Queridos hermanos y hermanas
Seis años atrás, el primer viaje
apostólico de mí pontificado me condujo a Bari, para el 24° Congreso
Eucarístico Nacional. Hoy he venido a concluir solemnemente el 25°, aquí en
Ancona. Agradezco al Señor por estos intensos momentos eclesiales que refuerzan
nuestro amor a la Eucaristía y ¡nos ven unidos entorno a la Eucaristía! Bari y
Ancona, dos ciudades junto al mar Adriático; dos ciudades ricas de historia y
de vida cristiana; dos ciudades abiertas al Oriente, a su cultura y a su
espiritualidad; dos ciudades que los temas de los Congresos Eucarísticos han
contribuido a acercar: en Bari hemos hecho memoria de cómo “sin el Domingo no
podemos vivir”; hoy nuestro reencontrarnos es bajo el lema: “Eucaristía para la
vida cotidiana”.
Antes de ofrecerles cualquier
pensamiento, quisiera agradecerles esta coral participación: en ustedes abrazo
espiritualmente a toda la Iglesia en Italia.
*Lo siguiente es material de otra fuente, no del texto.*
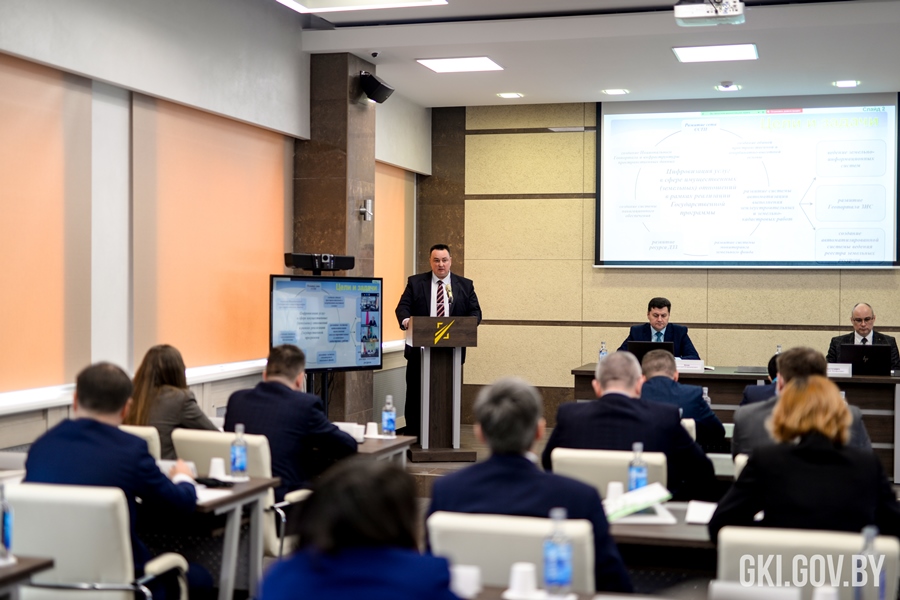 У рамках пасяджэння падагульняючай калегіі з дакладам выйшаў намеснік Старшыні Дзяржкаммаёмасці Мікалай Бобер, які расказаў аб стане і перспектывах развіцця геадэзіі, картаграфіі і землеўпарадкавання ў Рэспубліцы Беларусь.
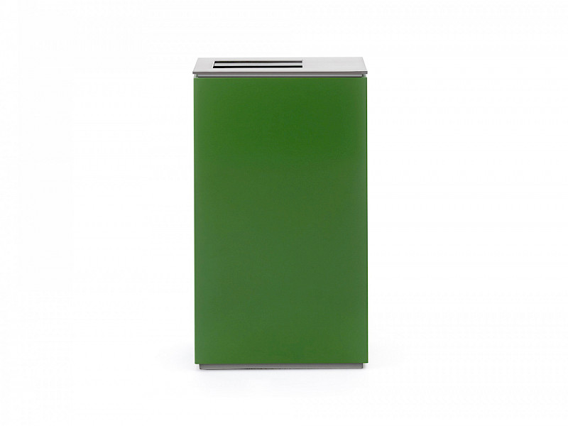 The sleek shape of this contemporary litterbin disguises its spacious proportions. Made with an inner container that pulls outward to empty, removing litter and replacing the waste bags couldn’t be easier. Comes in color green RAL 6017 with a concrete base.
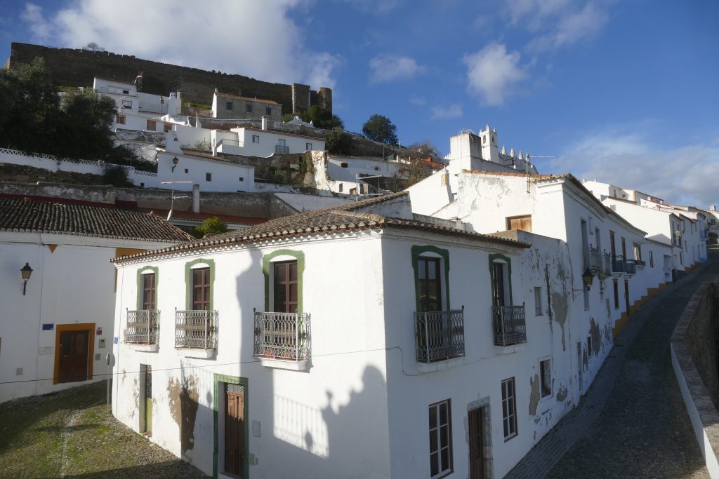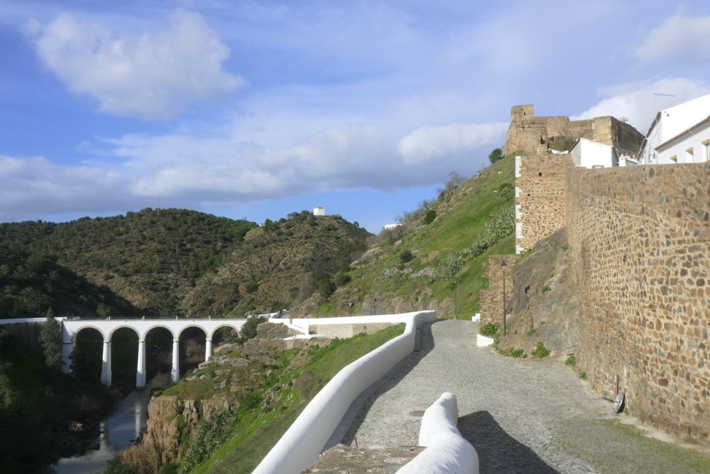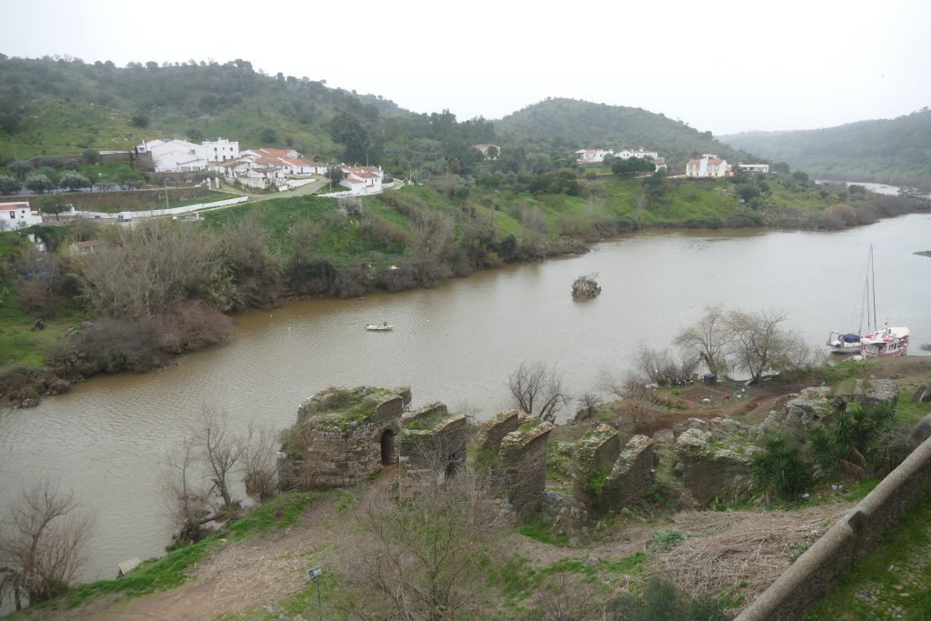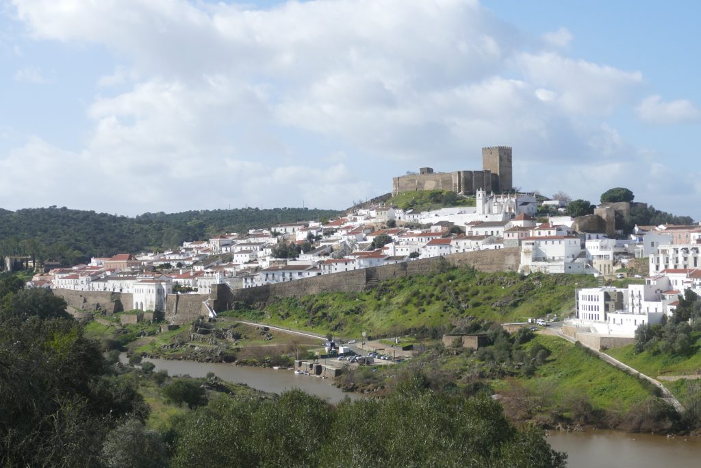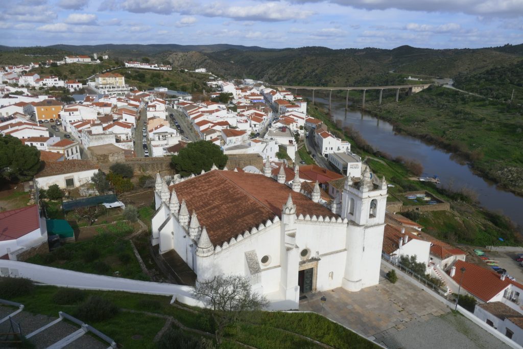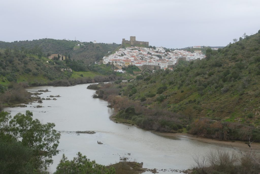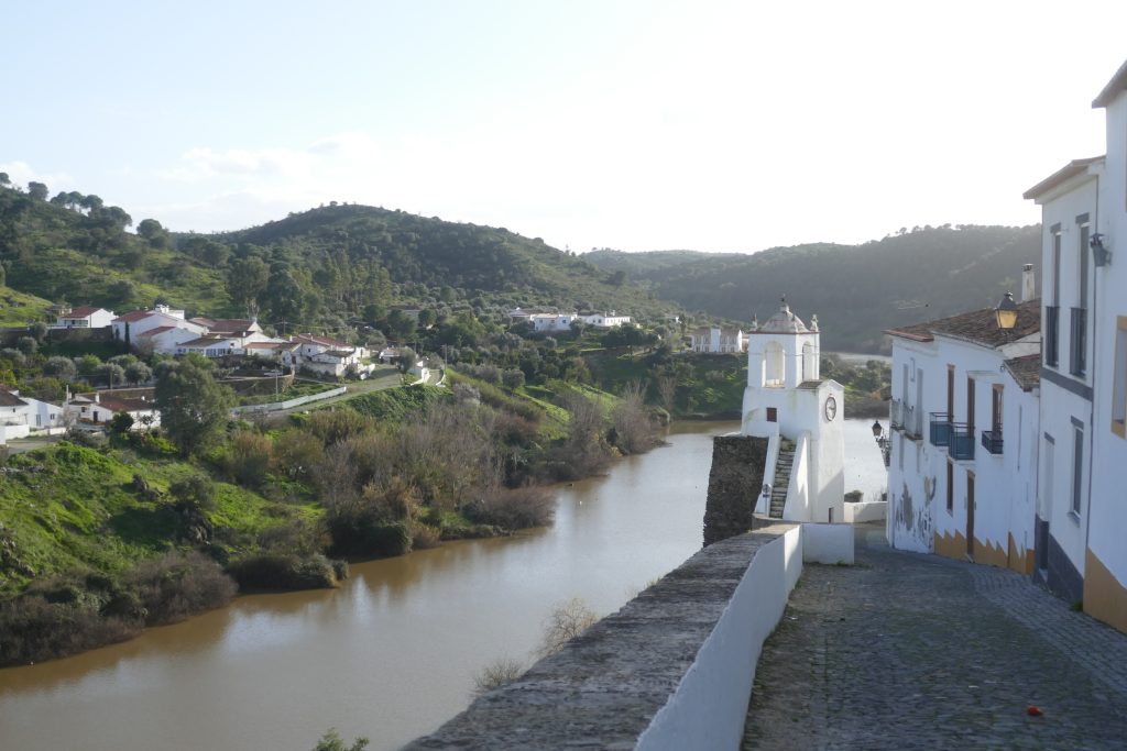 Es ist immer noch recht kühl und einzelne Wolken schütten sich aus, als wir Richtung Huelva fahren, das wir jedoch liegen lassen und weiter nach Portugal, nach Mertola fahren. Eigentlich wollten wir schon längst hier sein, doch waren die Nationalparks und die Wanderungen in Spanien einfach zu grandios. Am frühen Nachmittag erreichen wir Mertola und müssen unsere Uhren um eine Stunde zurückstellen. Nach einer Pause sehen wir uns den Ort mit den weiß getünchten Häusern am Hang des Rio Guadiana an. Spuren von maurischen und römischen Einflüssen sind noch heute in den typisch portugiesischen Gassen sichtbar. Neben der Touristinformation im Mértola-Haus ist in einer kleinen Wohnung zu sehen, wie man vor ca. 30 Jahren mit 7 Personen lebte. Wir gehen hinauf zur Igreja Matriz, deren Dekorationen, Ornamente und der Mirhab sowie die Zinnen davon zeugen, dass es früher eine Moschee war. Es gibt mehrere kleine, liebevoll eingerichtete Museen, die das frühere Handwerk darstellen. Hoch oben über der Stadt ist das Castelo mit der mächtigen Stadtmauer, die vor Invasoren schützte und der Reiterstatue von Ibn Qasi davor. Von oben haben wir eine schöne Aussicht über die Landschaft und den Rio Guadiana. Wir umrunden die Stadt und kommen noch zum Uhrturm, dem fotogensten Element der Stadt.

Dirijo un saludo agradecido al
Presidente de la Conferencia Episcopal, el Cardenal Angelo Bagnasco, por las
cordiales palabras que me dirigió también en nombre de todos Uds.; a mi
Delegado para este Congreso, Cardenal Giovanni Battista Re; al Arzobispo de
Ancona-Osimo, Mons. Edoardo Menichelli, a los Obispos de la Metropolía, de las
Marcas y a todos aquellos venidos de numerosa partes del País. Junto con ellos,
saludo a los sacerdotes, los diáconos, los consagrados y las consagradas, y a
los fieles laicos, entre los cuales veo muchas familias y jóvenes. Mi gratitud
se dirige también a las Autoridades civiles y militares y a cuantos, de
diversos modos han contribuido al buen éxito de este evento.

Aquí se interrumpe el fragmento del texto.